No matter what method of peptide identification is used, there is room for improvement. When four database search methods were compared, there was good agreement on half of the proteins identified in total [2]. In another report, 69,978 tandem mass spectra were obtained for a mixture of known proteins. Of these, only 5,678 were able to be identified by the database matching program SEQUEST[1]. In a review of 13 de novo sequencing methods, Allmer[3] points out that with current instrumentation and algorithms, an all-or-nothing score, ie. correct or wrong sequence, may be too harsh because very few sequences would be 100% correct.

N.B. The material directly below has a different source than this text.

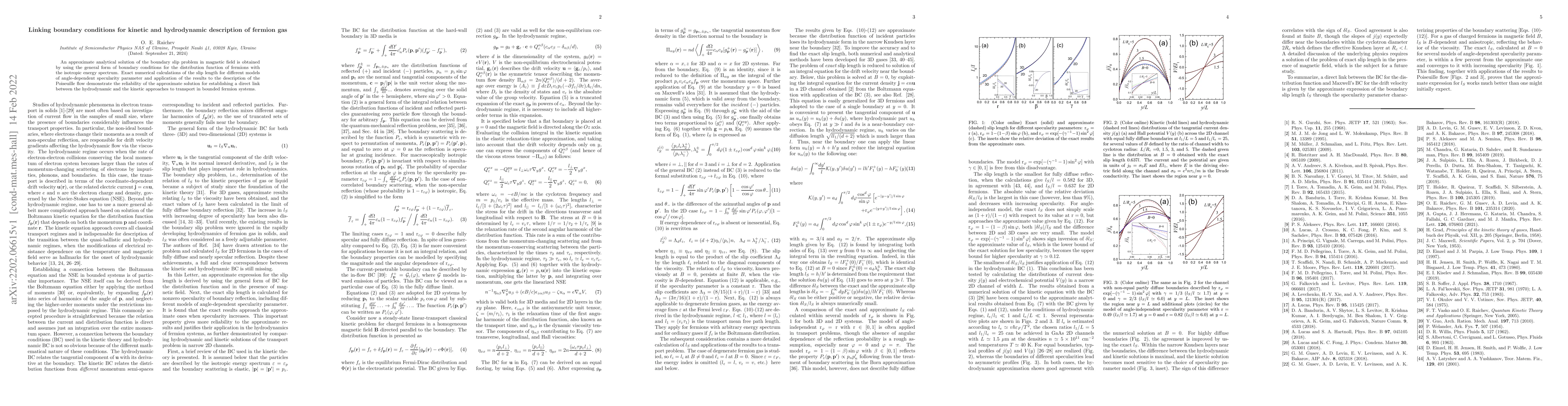 An approximate analytical solution of the boundary slip problem in magnetic field is obtained by using the general form of boundary conditions for the distribution function of fermions with the isotropic energy spectrum. Exact numerical calculations of the slip length for different models of angle-dependent specularity parameter and application of the results to the description of the Poiseuille flow demonstrate the reliability of the approximate solution for establishing a direct link between the hydrodynamic and the kinetic approaches to transport in bounded fermion systems.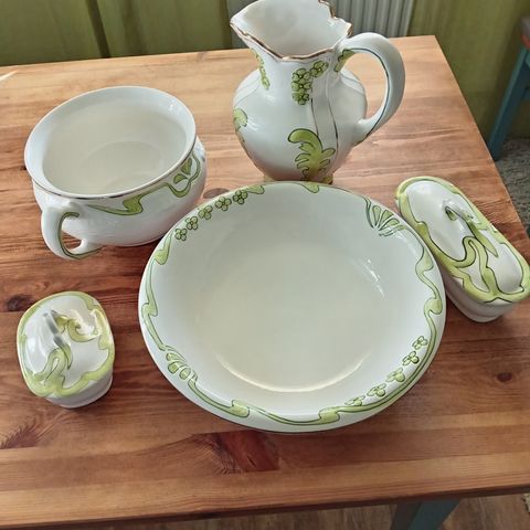 Myydään kaunis vanha pesusetti: pesuvati ja kannu, ehjät. Hinta 50 euroa. Maksu käteinen. Nouto Malmilta.

Accuracy of identification is low because noise in the experimental data is a significant challenge. This is exacerbated when fragment ions that should theoretically exist are not detected or are of such low intensity that they cannot be distinguished from noise. Choo and Tham[4] illustrate the impact of background noise when they calculated a quality score (QS) from self-convolution of the mass spectra for a theoretical 14-residue peptide subjected to different degradation processes. They showed that removal of 8 y ion peaks (with no Gaussian noise) reduced the QS by only 43% whereas increasing white Gaussian noise from 0 to 30% (keeping the full complement of b and y ion peaks) resulted in an 80% drop in their calculated QS. Clearly, background noise poses a significant challenge to recognition especially of low-intensity peaks.

When thousands of MS/MS spectra are generated in a single experiment, removal of poor quality spectra from analysis can be time-saving. This was the approach taken by Flikka et al.[5] who used machine learning to distinguish between good and bad spectra by using a number of spectral features. Many such methods for selecting spectra to analyze such as the one used by Wong et al[6] are partially based on the signal to noise ratio. Simple methods for eliminating noise, such as removing all peaks below a certain threshold or selecting only a fixed number of the highest peaks have been explored. Purvine et al[7] proposed a method to distinguish signal from noise. They sorted intensity values of the peaks in descending order, and defined the median value of the lower half of the intensity values to be the noise level. Also with the goal of recognizing poor quality spectra, Xu and Freitas[8] first sort peaks according to intensity, from lowest to highest. The lowest intensity is considered to be noise. The algorithm starts by calculating the Signal to Noise Ratio (SNR) for the second peak, comparing that to the SNR threshold set by the user. If the SNR value for a given peak is higher than that set by the user, the noise level is set to that peak. Using database searching techniques, this algorithm was demonstrated to work better than other filtering approaches. A large percentage (76-91%) of MS/MS spectra that did not yield a peptide match were removed, while only 3.6-9.4% of those that yielded a peptide match were removed. In these examples, the intensity of background noise is determined and applied uniformly across the spectrum. As noise levels vary across a spectrum, these methods can be too aggressive in some areas, while not being aggressive enough in others.

Ding et al[9] takes into consideration changes in SNR in different regions of the spectrum. Intensities of peaks whose m/z values indicate relationships such as complementary b and y ions, fragments with and without loss of water or ammonia are adjusted upward, after which peaks that represent maxima in local regions of the spectrum are extracted. All other peaks that are presumed to be noise are eliminated. The de-noising method removes about 69% of peaks in a spectrum, and increased the number of spectra that could be identified by 14-31%, depending upon the dataset used. Using such a linear combination approach and applying different weights to the intensity adjustment of the peaks, Lin et al[10] were able to increase the success of identification by a further 14-23%. We propose an alternative approach that allows for noise levels to be automatically adjusted across an entire spectrum in a continuous manner.

The focus of this paper is on a new method to filter noise across an entire spectrum by modeling peak intensity using orthogonal polynomials. We designate different regions of each spectrum, giving the user a choice of how many such regions (bins) to set. We filter out noise through construction of orthogonal polynomials to fit a curve to the noise level in separate bins. We demonstrate the effectiveness of the approach using spectra generated from peptides of proteins with known sequences. We track the number of significant peaks (which correspond to primary fragment ions) while still noting but preserving the non-signficant peaks during filtering. This new filtering method is compared to the filtering methods of Purvine et al.[7] and of Xu and Freitas[8] by application to the large dataset generated from a mixture of purified proteins[11] and an original dataset for one protein that was generated in-house. Using a de novo sequencing method that we are developing, we assess the impact of our filtering method with the published methods on the accuracy of the amino acid sequences ascribed to each peptide.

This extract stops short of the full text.